Film
To the Stars review – a charmingly old-fashioned tale of teen entanglements
A shy Oklahoma girl has her life transformed by a charismatic newcomer in this comfortingly formulaic coming-of-age drama
by Leslie FelperinIt’s the beginning of the 1960s in small-town Oklahoma: dress silhouettes oscillate between the flare of the 50s new look and hipper pencil-skirt sleekness, gossip runs rife and minds are, with a few noble exceptions, pretty small. Iris (Kara Hayward, the girl from Moonrise Kingdom, all grown up), a shy, speccy, secretly smart high-school senior with a humiliating bladder-control problem, lives with her alcoholic mom (Jordana Spiro) and taciturn dad (Shea Whigham).
One day during the long walk to school, Iris is saved from the local jocks’ daily dose of bullying by newcomer Maggie (Liana Liberato).
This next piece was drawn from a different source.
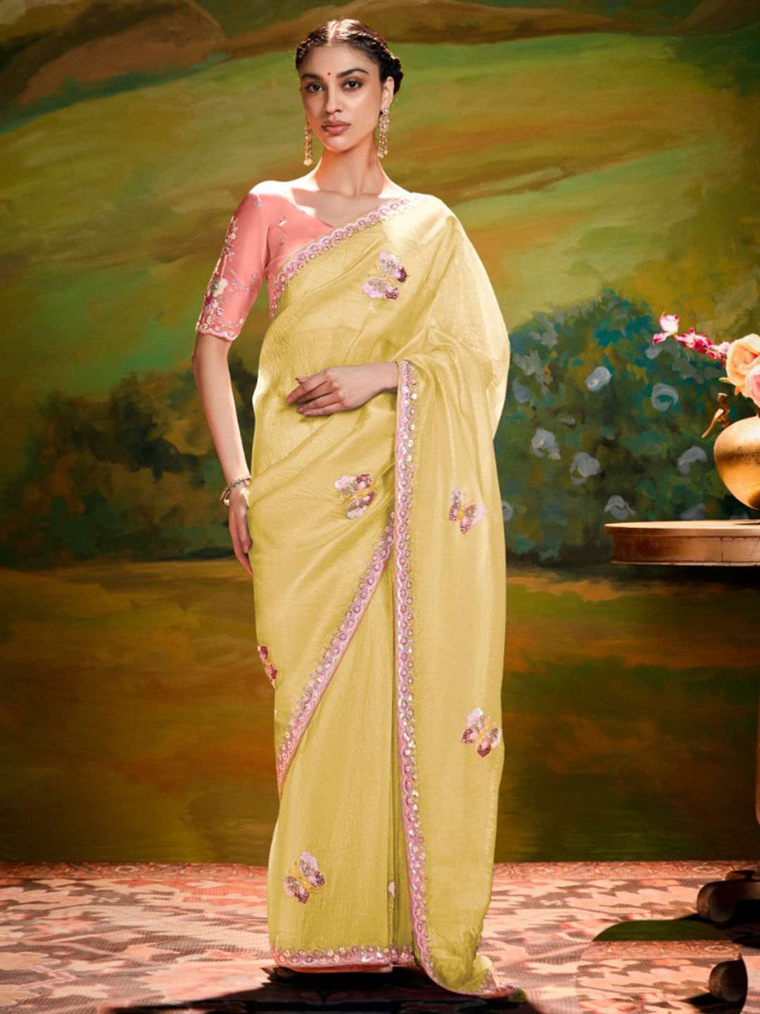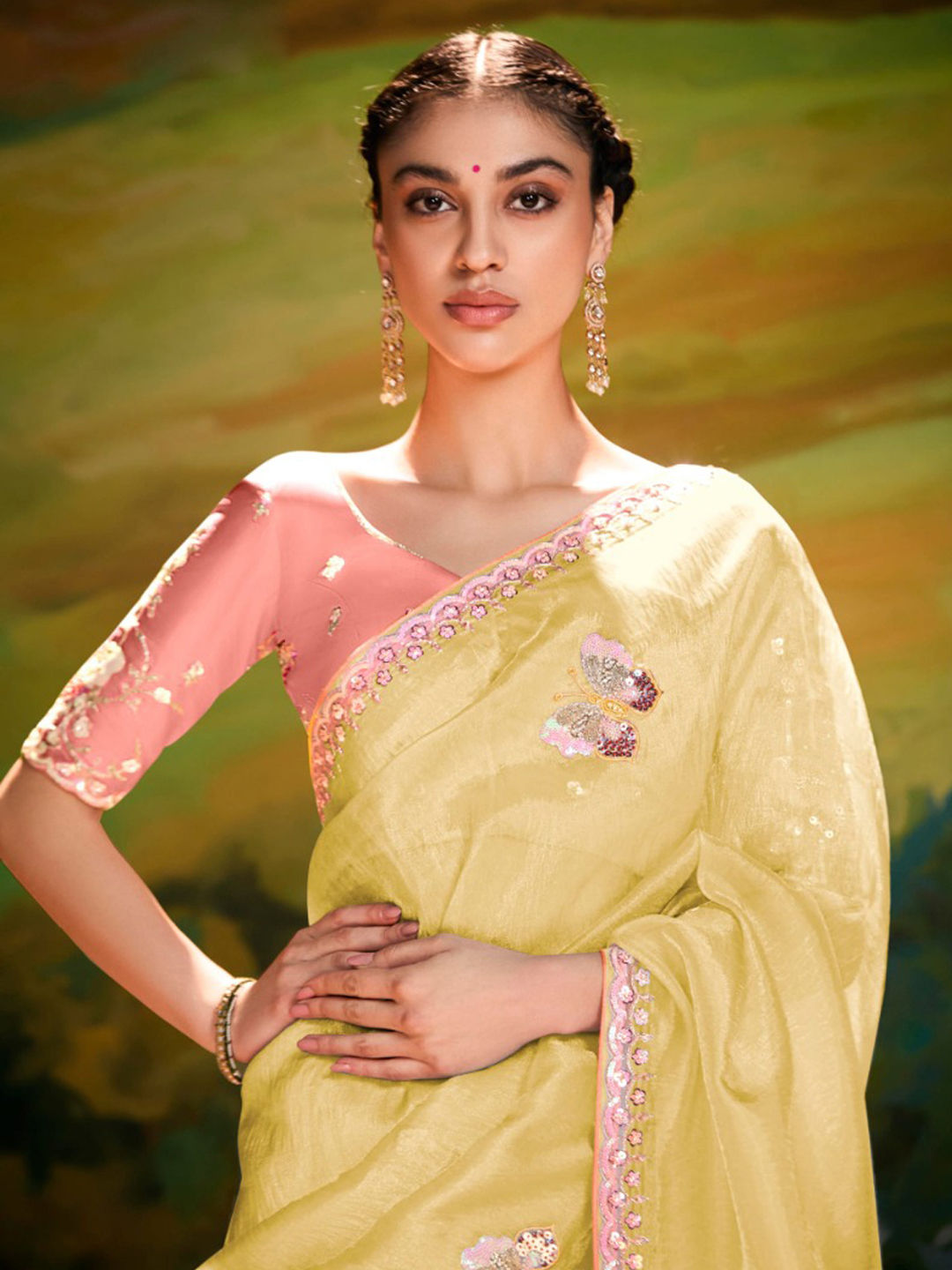 Yellow color Saree in Tissue fabric with Embroidered, Sequence, Thread work

With her sensuous physicality and imaginative mind, Maggie bamboozles the local popular girls with a semi-credible line of BS about her father being a magazine photojournalist in town for a story about rural poverty, when really the family moved there to escape some vague scandal created by Maggie getting caught losing her virginity to a boy.
Her knack for getting busted is reprised later. In the meantime, she befriends Iris and slowly coaxes the withdrawn girl out of her shell: persuading her to ditch her glasses, thus revealing a natural beauty that had somehow gone unnoticed by the whole town. Yes, the script by Shannon Bradley-Colleary really is that old-fashioned – which is, perversely, the charm here, right down to the simmering lesbian-desire subplot that you can sense coming from miles away, like a tornado on the horizon. All the same, the period trappings – which must have cost a bomb – are lush and smartly deployed without being heavy-handed, and the two young leads are very watchable.
- To the Stars is on digital platforms from 1 June.